The accuracy is about 80%. 

In [None]:
# Q6
x = np.array([3, 1, 30, 0, 0, 100])
t = tree(X, y)
t.classify(x)

In [None]:
# Q7 (Random Forests)

# Choose a subsample of 20% of total data
def subset(X, ratio=0.2):
    subset = list()
    n = int(len(X) * ratio)
    while len(subset) < n:
        index = rand.randrange(len(X))
        subset.append(X[index])
    return subset

# Use consensus to decide the prediction
def predict(trees, x):
    for tree in trees:
        predictions = [tree.classify(x)]
    return max(set(predictions)) 

def random_forest(training, testing, y, n_trees = 5):
    trees = list()
    for i in range(n_trees):
        sample = subset(training)
        t = tree(training, y)
        trees.append(t)
    predictions = [predict(trees, x) for x in testing]
    return(predictions)

### Q9
All the predictions have shown that, with the choice of $x$, I would have survived the Titanic.
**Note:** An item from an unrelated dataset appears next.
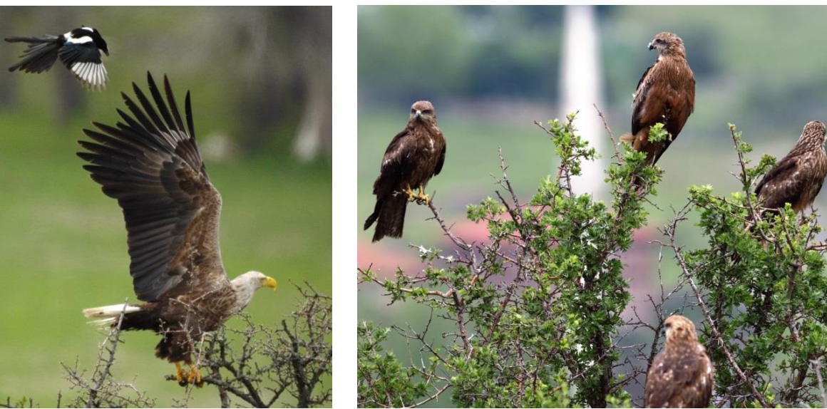
Figure 4. W. tailed eagle & E. magpie

High trees are important for the roost of raptor species [13]. High trees are important for roosting and resting of raptor species (Eastern imperial eagle, Hooded crow, White-tailed Eagle (Figure 4), Long-legged Buzzard and Black kite (Figure 5)) here. After the feeding/scavenging behaviour, some birds perch on the top of a tree and rest. So their high-level trees are important for raptors here. Fox showed removing behaviour but the grey wolf and some raptors (Golden eagle and Eastern imperial eagle, Cinereous vulture) showed two different behaviour together; both eating and removing on carcasses. They may have removed these foods for their offspring.

I would prefer to use Logistic Regression because the impaired robustness of our implementation of Random Forest, since we only have all binary variables instead of categorical variables. 

### Q10

$H(x) = \sum_{\mathtt{x}\in X}P(x=\mathtt{x})\log_2(\frac{1}{P(x=\mathtt{x})}) 
= \sum_{\mathtt{x}\in X}\sum_{\mathtt{y}\in Y}P(x=\mathtt{x}, y=\mathtt{y})\log_2(\frac{1}{P(x=\mathtt{x})})$

$H(x|y) = \sum_{\mathtt{x}\in X}\sum_{\mathtt{y}\in Y}P(x=\mathtt{x}, y=\mathtt{y})\log_2(\frac{1}{P(x=\mathtt{x}|y=\mathtt{y})})$

$I(x;y) = H(x)-H(x|y) = \sum_{\mathtt{x}\in X}\sum_{\mathtt{y}\in Y}P(x=\mathtt{x}, y=\mathtt{y})\log_2(\frac{P(x=\mathtt{x}|y=\mathtt{y})}{P(x=\mathtt{x})}) = 
\sum_{\mathtt{x}\in X}\sum_{\mathtt{y}\in Y}P(x=\mathtt{x}, y=\mathtt{y})\log_2(\frac{P(x=\mathtt{x}, y=\mathtt{y})}{P(x=\mathtt{x})P(y=\mathtt{y})})
$

$H(y) = \sum_{\mathtt{y}\in Y}P(y=\mathtt{y})\log_2(\frac{1}{P(y=\mathtt{y})}) 
= \sum_{\mathtt{y}\in Y}\sum_{\mathtt{x}\in X}P(y=\mathtt{y}, x=\mathtt{x})\log_2(\frac{1}{P(y=\mathtt{y})})$

$H(y|x) = \sum_{\mathtt{y}\in Y}\sum_{\mathtt{x}\in X}P(y=\mathtt{y}, x=\mathtt{x})\log_2(\frac{1}{P(y=\mathtt{y}|x=\mathtt{x})})$

$I(y;x) = H(y)-H(y|x) = \sum_{\mathtt{y}\in Y}\sum_{\mathtt{x}\in X}P(y=\mathtt{y}, x=\mathtt{x})\log_2(\frac{P(y=\mathtt{y}|x=\mathtt{x})}{P(y=\mathtt{y})}) = 
\sum_{\mathtt{y}\in Y}\sum_{\mathtt{x}\in X}P(y=\mathtt{y}, x=\mathtt{x})\log_2(\frac{P(y=\mathtt{y}, x=\mathtt{y})}{P(y=\mathtt{y})P(x=\mathtt{x})})
$

Therefore, $I(x;y) = I(y;x)$